# Clean Culture Big Night Meet Event - North East



## GrimCruze (Jan 24, 2013)

Anyone "cruzing" out for the clean culture big night meet?? Not sure of too many details about the meet but I've been to their previous ones and they have amazing turn outs. Let me know if anyone wants to set up a cruise out or is going to already be there!


----------



## hificruzer226 (Mar 27, 2013)

What is this event about?


----------



## GrimCruze (Jan 24, 2013)

Cars? lol its supposed to be a fun night with all makes and models. All of their previous events have been great so I would assume this will be just like all the rest. It's supposed to be over 1000 cars.


----------



## hificruzer226 (Mar 27, 2013)

GrimCruze said:


> Cars? lol its supposed to be a fun night with all makes and models.
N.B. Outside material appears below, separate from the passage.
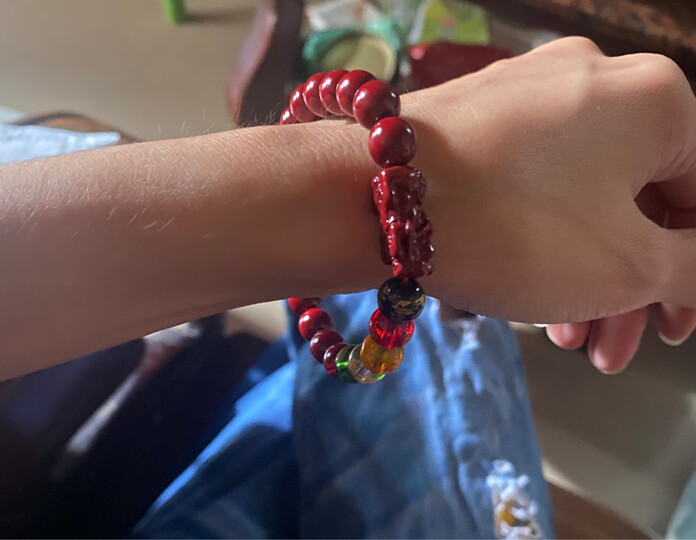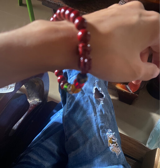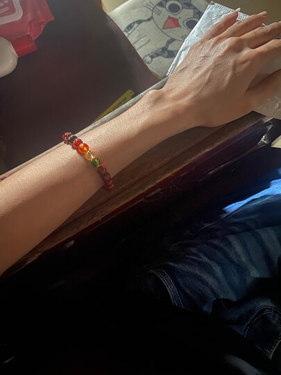 不知道都是谁在造谣?我拍之前有简单的看了下评论,首先质量怎样咱先不说,就论这个尺寸,我看到好几个评论都在说小的可怕,什么小婴儿小孩子戴的,我心想那么小的话,那我肯定可以戴,结果还是上当了,上手效果你们自己看,足足大了4-5颗珠子,导致滑上滑下的非常碍事。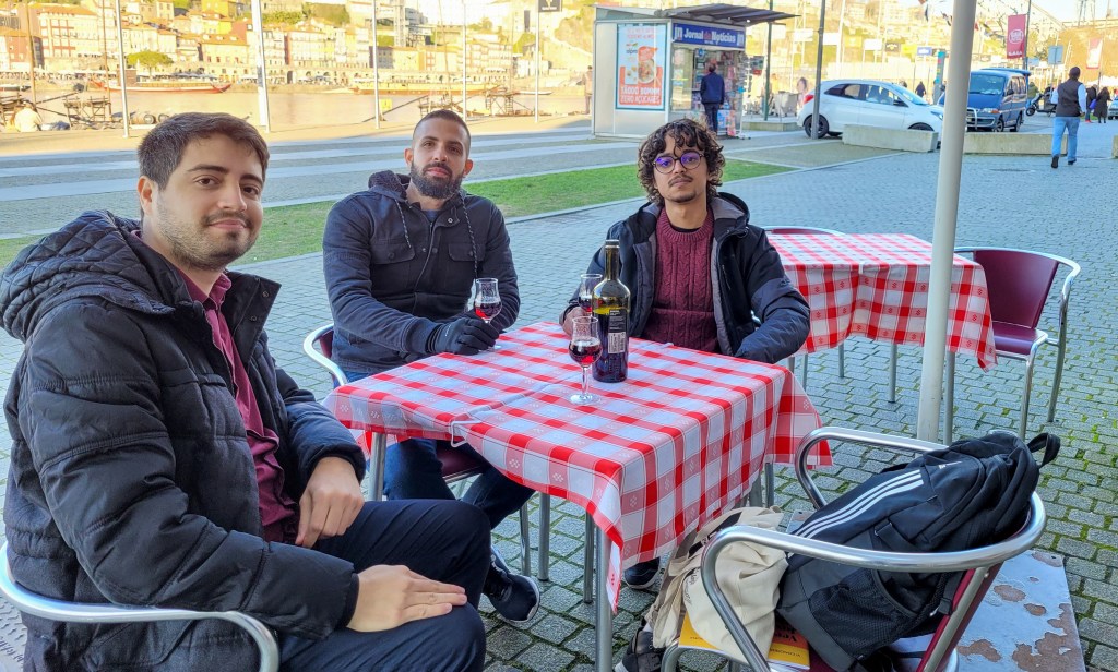 Saímos juntos quase todas as noites após o Congresso e conversamos bastante sobre nossas pesquisas e aspirações acadêmicas. Vivemos um pouco da boemia portuense e constatamos que a cidade do Porto, na verdade, são duas cidades: à noite ela se transforma. À beira do rio Douro, tomamos bons e autênticos vinhos do Porto para esquentar as orelhas e, como é de lei, uma cerveja “pra lavar”.

All of their previous events have been great so I would assume this will be just like all the rest. It's supposed to be over 1000 cars.


I figured it was about cars. Usually there is a theme or type. I was confused about the "clean culture" wasn't sure if that was the promoters or the theme of the show.


----------



## blk88verde (Apr 30, 2011)

I am about a 45 min drive away. I won't be going. I have too much other stuff to deal with this coming weekend.


----------



## GrimCruze (Jan 24, 2013)

Yeah clean culture is the group that creates the events


----------